Stanislav Aseyev, a Ukrainian writer, journalist, and former soldier, recently embarked on a perilous journey to Syria to document the atrocities of Sednaya prison, often referred to as a “human slaughterhouse.” This mission was particularly poignant for Aseyev, who had previously endured torture in Izolyatsia, a clandestine detention facility in Russian-occupied Donetsk.
Following the collapse of Bashar al-Assad’s regime in December 2024, Aseyev became the first Ukrainian journalist to access Sednaya prison. His expedition began with a flight to Beirut, followed by a meticulously planned drive to Damascus, navigating areas fraught with Russian forces and trafficking groups. The Shaman Battalion, Ukraine’s elite foreign intelligence unit, was tasked with ensuring his safety during this mission.
Sednaya prison, established in 1987 near Damascus, gained infamy after the Syrian Civil War erupted in 2011. The facility’s capacity swelled from 1,500 inmates in 2007 to nearly 20,000 a decade later.

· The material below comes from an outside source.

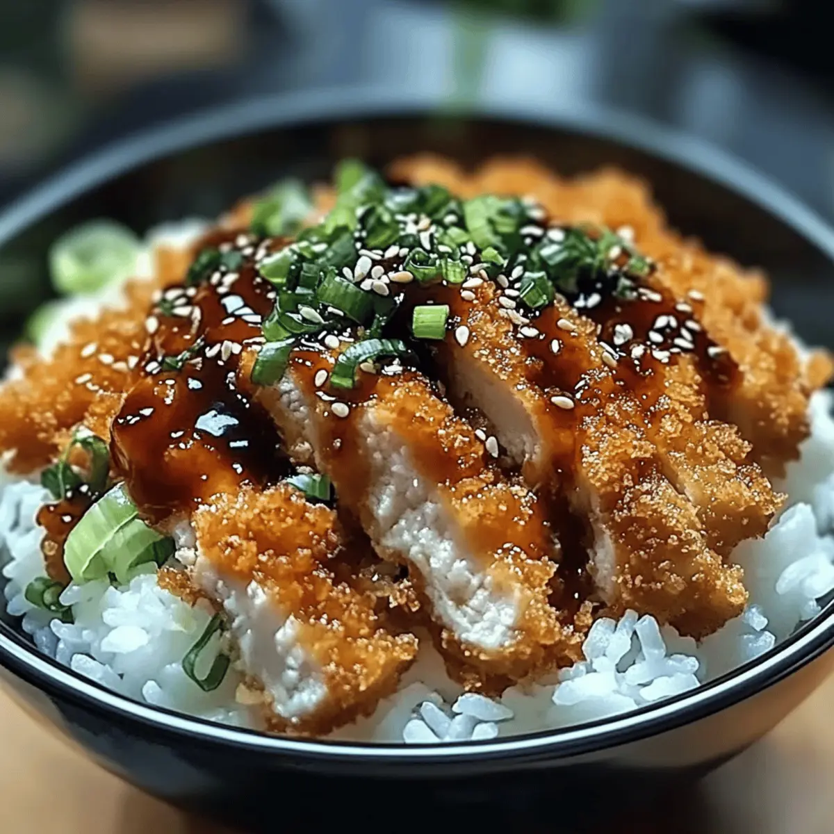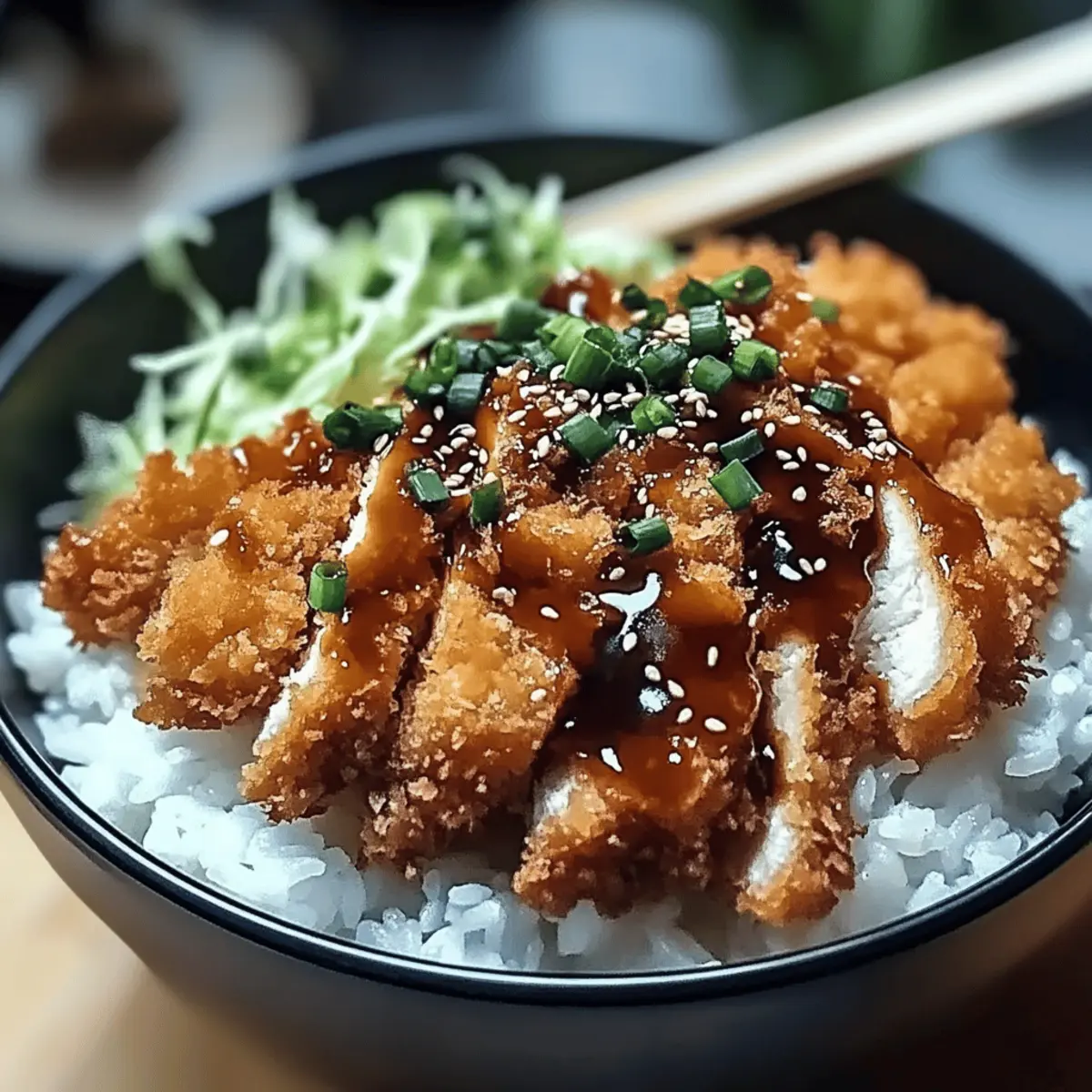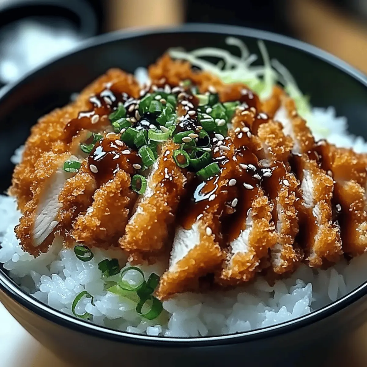 - Assemble bowls with a portion of rice, sliced katsu on top, drizzle with sauce, and add cabbage, green onions, and sesame seeds.

Amnesty International reported that between 5,000 and 13,000 people were executed there between 2011 and 2015. The prison’s infrastructure was designed for mass detention and systematic elimination of prisoners, making it the largest concentration camp since World War II.
Aseyev’s visit revealed harrowing conditions: prisoners confined in narrow filtration cages, systematic progression through different facility levels, mass executions, and body disposal systems. He encountered families desperately searching for missing relatives, highlighting the ongoing human tragedy. The fate of tens of thousands of detainees remains unknown, with many presumed to have perished within the prison’s walls.
Drawing parallels between Sednaya and Izolyatsia, Aseyev noted both facilities employed systematic torture, though differing in scale and methods. Izolyatsia, once a cultural center in Donetsk, was seized by Russian-backed forces in 2014 and transformed into a secret prison for civilians, journalists, and ex-soldiers accused of opposing the occupation. Detainees suffered severe beatings, electric shocks, mock executions, and other forms of physical and psychological torment.
Aseyev’s personal ordeal began in 2017 when he was kidnapped and imprisoned in Izolyatsia for his reporting on life in occupied Donetsk. After two and a half years of systematic torture, he was sentenced to 15 years on fabricated espionage charges but was released several months later in a prisoner swap.